Mrs. Fisher put a hand to her mouth and backed away, pulling her other children with her.
Clint ordered Fisher to get some whiskey. “It’s just a flesh wound,” he told the man. “The way he’s screaming, he’s sure not hurt bad. He’s just scared.”
“What would you know about little children?” Mrs. Fisher spat at him.
Clint seemed to wilt. He grabbed the little boy and pulled him into his arms. “More than you think,” he told the baby’s mother. He picked up what looked like a clean towel nearby and pressed it to the little boy’s side, then carried him to a rocker and sat down with him.
With his left arm around the child’s waist, he held the towel against the boy’s wound with his left hand. He moved his right arm around the baby’s back and held him close so that the child cried against his neck. Clint began rocking and talking soothingly to him.
“It’s okay,” he told the bab
y. “Everything will be okay. Nobody is going to hurt you. Never again. Never again.” He kissed the boy’s straight hair, stunning everyone else in the room.
Frowning, Fisher looked at Elizabeth.
“He lost a little boy of his own to murderers,” she told the man, struggling against tears that were a mixture of remorse and relief. “He was the same age as your son.” She looked at the baby’s mother. “Mrs. Fisher, Clint would never deliberately harm a child. I know that he’s truly sorry.”

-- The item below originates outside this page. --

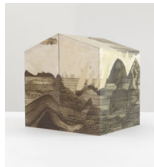
Sandra Vásquez de la Horra Fata Morgana , 2019 Tridimensional drawing, pencil and wax on paper 36 x 30 x 36 cm (14-1/8 x 12 x 14-1/8 in.)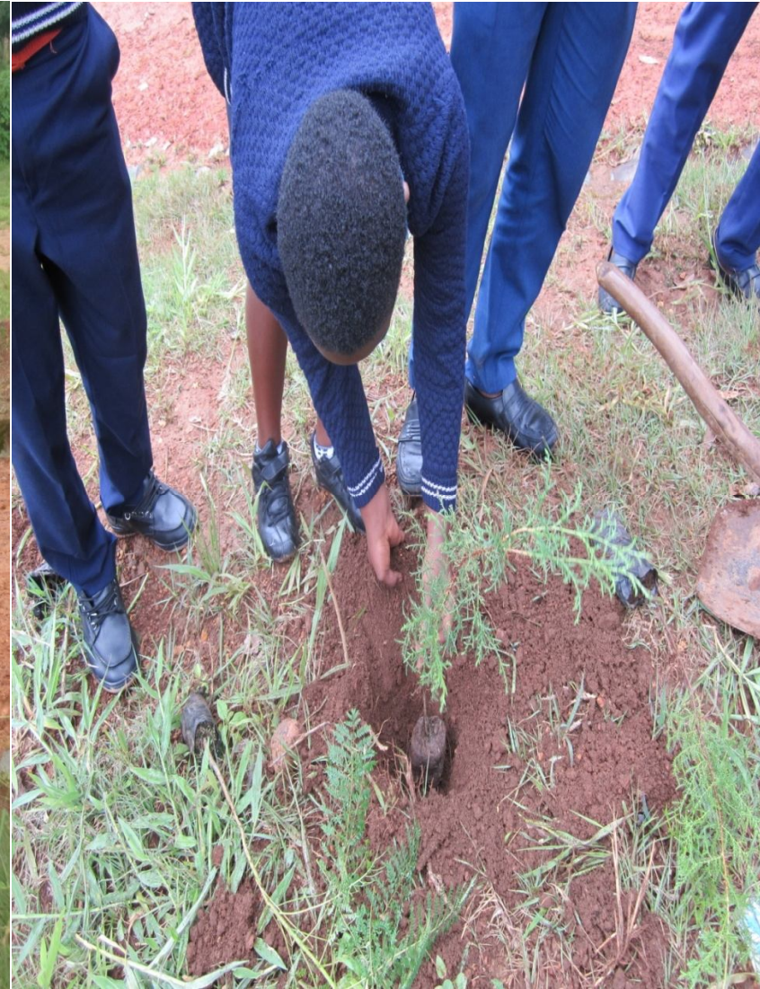
GBHS students planting trees in their school campus to mark the IDP

The woman walked closer to her husband and took his arm. “Who are you?” she asked Elizabeth.
“My name is Elizabeth Breckenridge. I traveled here with Clint to find my brother, Peter. He’s the preacher at—”
“We know who Peter is,” Fisher broke in, studying Elizabeth with a frown. “You do not look like the type of woman who would travel with a bounty hunter.”
Elizabeth took a handkerchief from a pocket of her skirt and wiped her eyes. “Mr. Brady was every bit a gentleman all the way here. In fact, we’re going to be married. What happened here…it’s a long story, Mr. Fisher, but it…had to happen.” She looked at Fisher pleadingly. “You should know that before we came in here Clint smashed his rifle in half. I think he’s done with the life he’s been leading the past four years. I hope that when your little boy is better you’ll let us visit…let us explain.”
Little Toby actually stopped crying and fell asleep against Clint’s chest. Clint wiped at his own silent tears. “Tell me your side of what happened, Fisher,” he spoke up, his voice sounding like that of a tired, beaten man.
Still frowning with a mixture of curiosity and disbelief, Fisher walked over and took a chair near Clint. Elizabeth dared to move an arm around his wife, who broke down and actually hugged her. “I thought he’d killed my baby,” she wept.
Elizabeth looked past her at Clint and saw deep remorse in those blue eyes that minutes earlier had been so full of the old, angry Clint. She led Mrs. Fisher to another chair, then went to stand behind Clint while Roland Fisher gave his side of the story.